DESIGN A retrospective review between November 1984 and February 1998.

SETTING A major paediatric tertiary care hospital.

PATIENTS 36 patients with histologically confirmed lymphocytic myocarditis.

MAIN OUTCOME MEASURES Survival, cardiac transplantation, recovery of ventricular function, and persistence of dysrhythmias.

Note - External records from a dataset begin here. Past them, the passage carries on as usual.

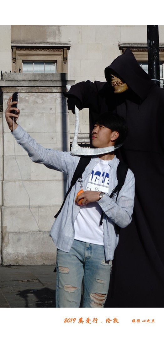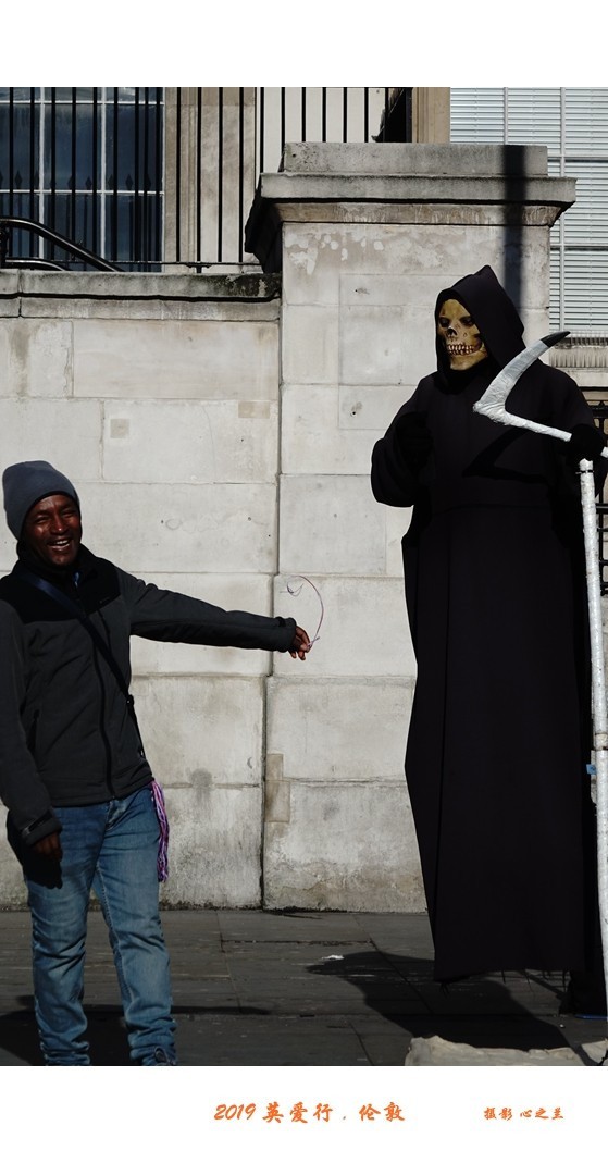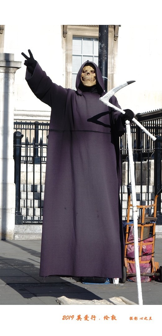 特拉法尔加广场不仅是伦敦的文化中心,也是市民活动中心,鸽子虽然没有了,但其他行为艺术还是存在的。我们就在广场上看到了这个拿着一把镰刀的“僵尸”。
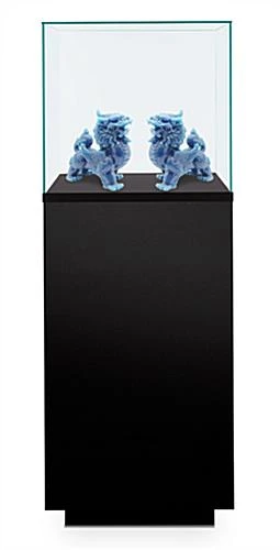 This museum pedestal display case will elevate the most straightforward merchandise in a sleek and modern showcase. This eye-catching fixture features a 17″ lift-off UV protective tempered glass top with a keyless air cylinder pneumatic locking system that does not require an electrical outlet. It is perfect for upscale presentations by retail jewelers, museums, art galleries, and more. The frameless glass design provides customers with unobstructed viewing from any angle. The airtight unit comes with silica gel bags in a lockable compartment for ultimate preservation and protection from moisture. Floor levelers provide the perfect solution for uneven floors, and a 4″ toe kick provides a seamless polished finish at its base. This elegant pedestal display case makes a big impact with a small footprint with overall dimensions of 20″w x 20″d x 52″h. Our quality exhibit is eco-friendly, made from FSC-certified CollinsWood®, helping to reduce our environmental impact. This beautiful museum pedestal display case arrives fully assembled for ease of use, making it perfect for retail stores, exhibitions, art galleries, and so much more.
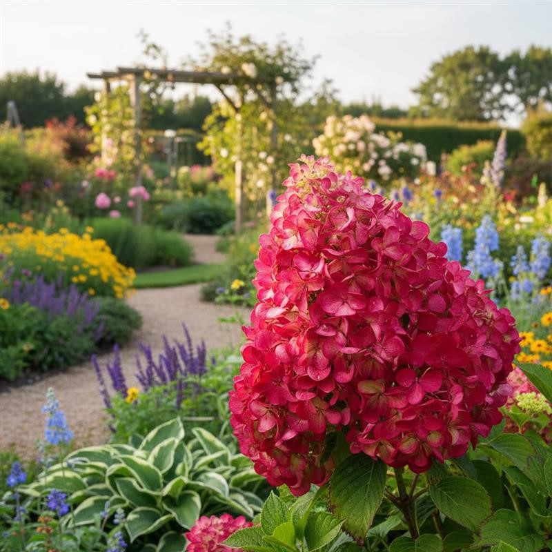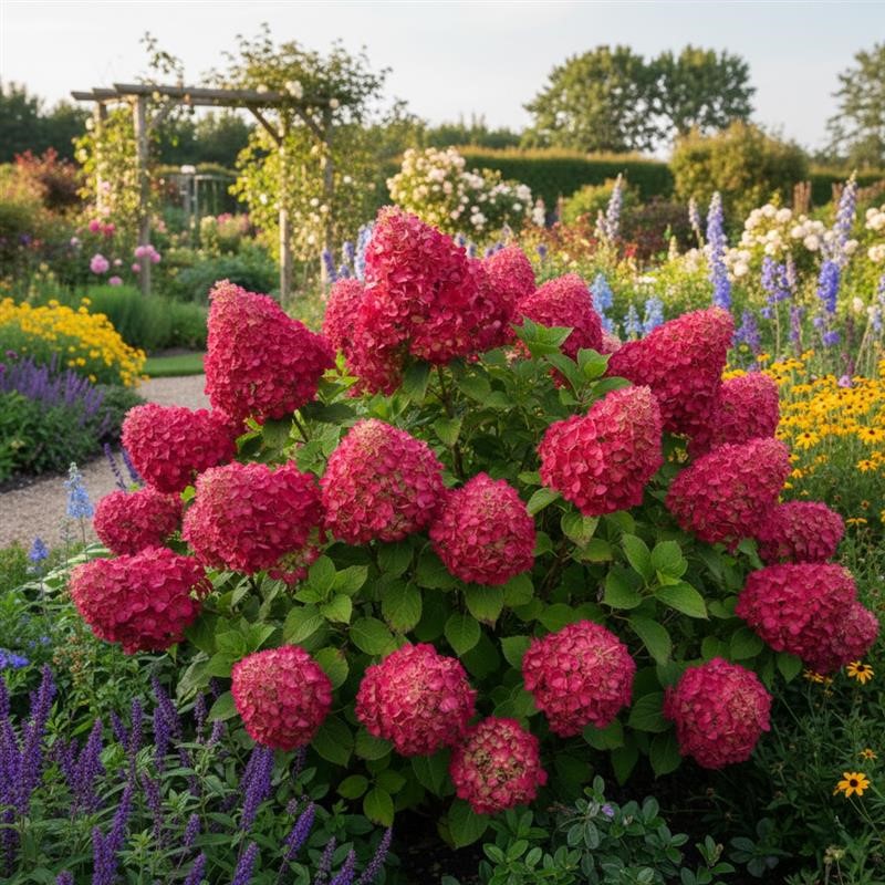 Hortensje bukietowe potrzebują żyznej, przepuszczalnej i umiarkowanie wilgotnej gleby o lekko kwaśnym odczynie. Optymalne stanowisko to miejsce pełne słońca (co sprzyja intensywniejszemu wybarwianiu się na czerwono) lub lekki półcień. Ze względu na szybki wzrost i produkcję ogromnej ilości kwiatów, w czasie suszy wymaga regularnego podlewania. Wiosną należy skrócić pędy nisko nad ziemią oraz zastosować zasilanie nawozami wieloskładnikowymi, co zapewni Twojej roślinie energię do spektakularnego wzrostu.
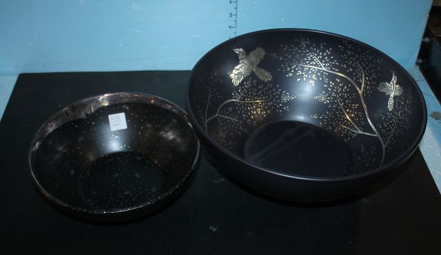 9 1/2", 13 1/2" dia. ; both are pottery with sterling overlay (not marked) 9 1/2", 13 1/2" dia. ; both are pottery with sterling overlay (not marked)

RESULTS Freedom from death or cardiac transplantation was 86% at one month and 79% after two years. Five deaths occurred within 72 hours of admission, and one late death at 1.9 years. Extracorporeal membrane oxygenation support was used in four patients, and three patients underwent heart replacement. 34 patients were treated with intravenous corticosteroids. In the survivor/non-cardiac transplantation group (n = 29), the median follow up was 19 months (range 1.2–131.6 months), and the median period for recovery of a left ventricular ejection fraction to > 55% was 2.8 months (range 0–28 months). The mean (SD) final left ventricular ejection and shortening fractions were 66 (9)% and 34 (8)%, respectively. Two patients had residual ventricular dysfunction. No patient required antiarrhythmic treatment. All survivors reported no cardiac symptoms or restrictions in physical activity.

CONCLUSIONS Our experience documents good outcomes in paediatric patients presenting with acute heart failure secondary to acute lymphocytic myocarditis treated with immunosuppression. Excellent survival and recovery of ventricular function, with the absence of significant arrhythmias, continued cardiac medications, or restrictions in physical activity were the normal outcomes.